It is a tragedy that business opportunities are missed because entrepreneurs overanalyse risk factors. This is the very reason businesses grow at a slow pace, while others are phased out.
I’m not encouraging ignorance; I’m just disappointed by entrepreneurs blinded by small details rather than being decisive.
The same applies to investors who, thinking they knew too much, did not invest in Uber when their founders approached them.
In an ever-changing world, you can’t make decisions that are only informed by the past. Rather than dismissing what you don’t yet understand, consult those who do to help you make an informed decision.
A gigantic problem faced by most of us entrepreneurs at some point in our businesses is analysis paralysis. Basically, it is over-analysing, or overthinking, an opportunity. It often results in a decision not being taken, and can lead to your business underperforming.
Analysis paralysis is worse than red tape. With analysis paralysis, things don’t move slowly, rather not at all. Decision makers are paralysed by their inability to make a decision, afraid of what could or could not come to pass. Ultimately, not deciding is the same as deciding against.
As an entrepreneur, you have probably dealt with corporate clients and stakeholders. This disease is within their structures, whether it is the personnel dealing with your proposition not being entrepreneurial in their approach, or the committee under-evaluating your proposal.
- Harv Eker, the author of Secrets of the Millionaire Mind, says it better: “One step in the right direction is worth 100 years of thinking about it.”
One of the reasons Nokia went down the way it did, after a decade of leading the mobile sector, was due to analysis paralysis creeping as the company was getting complacent. Around 2006, Nokia was more concerned with staying where it was, instead of pursuing new opportunities.
It’s not as if Nokia wasn’t working on new stuff, they just lacked a sense of urgency. Developing cutting-edge new products was put on the backburner. Former employees observed that Nokia’s operating system team split into two and started to battle for the attention of top executives, resulting in internal politics.
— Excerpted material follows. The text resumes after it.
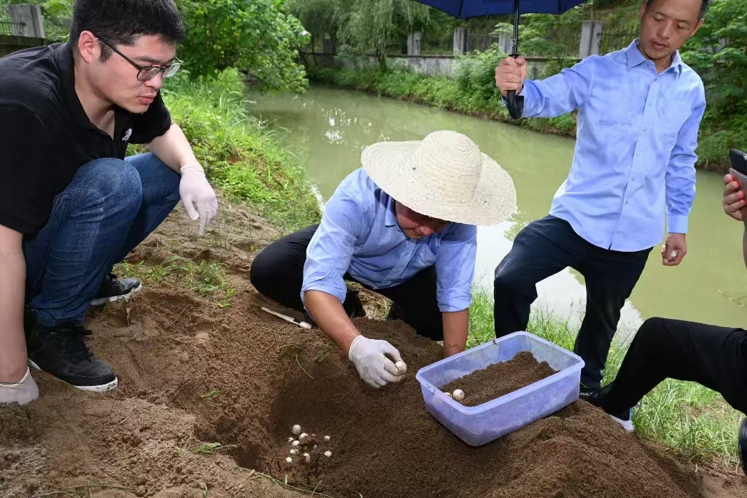 在灘坑水電站水生生物增殖放流站親黿培育池旁的土坡上,增殖放流站站長(zhǎng)葉承義正在珠江水產(chǎn)研究所所長(zhǎng)朱新平的遠(yuǎn)程指導(dǎo)下,對(duì)黿卵進(jìn)行操作。“我們不能亂挖一氣,濕潤(rùn)的沙土中往往埋藏著黿卵,挖的時(shí)候動(dòng)作必須要輕柔。”葉承義用手將產(chǎn)卵周邊的沙土一點(diǎn)點(diǎn)撥開(kāi)。

In 2008, Paul Jacobs, CEO of Qualcomm, also voiced concern that Nokia devoted too much time to strategy.
From one decade to another, we have seen how the mighty have fallen. Now we are aware of the danger of analysis paralysis.
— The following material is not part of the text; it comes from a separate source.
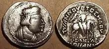 Acuñó monedas de plata al estilo helenístico, utilizando el alfabeto griego. El reverso muestra a la diosa de la victoria Niké sosteniendo una corona de flores sobre Hereo, montado a caballo y posando con una túnica y un gran arco al lado. El retrato nos enseña al jefe con una marcada deformación craneal artificial, una característica común en varias representaciones y esculturas kushán de la primera centuria después de Cristo.

Entrepreneurs can learn a thing or two from a married couple. A husband comes back from few meetings, excited about a business opportunity. He tells his wife that the family’s finance could improve, but, because the wife was not in the meeting, she will do the responsible thing of interrogating the validity of the offer.
Often, with many businesses, these opportunities are not discussed and considered in the same manner. This should be compared to the processes at successful start-ups. Here the co-founders will debate the merits of each deal.
There is a danger of approving every offer that is made; it will likely end up in bankruptcy. I’m an advocate of being cautiously optimistic.
In a competitive business environment, analysis paralysis is the worst thing that can be allowed to emerge; it is a culture that needs to be kicked out of the system.
No matter how big a company becomes, it need to maintain an entrepreneurial approach. Don’t become a big truck that turns around after driving two blocks down the road.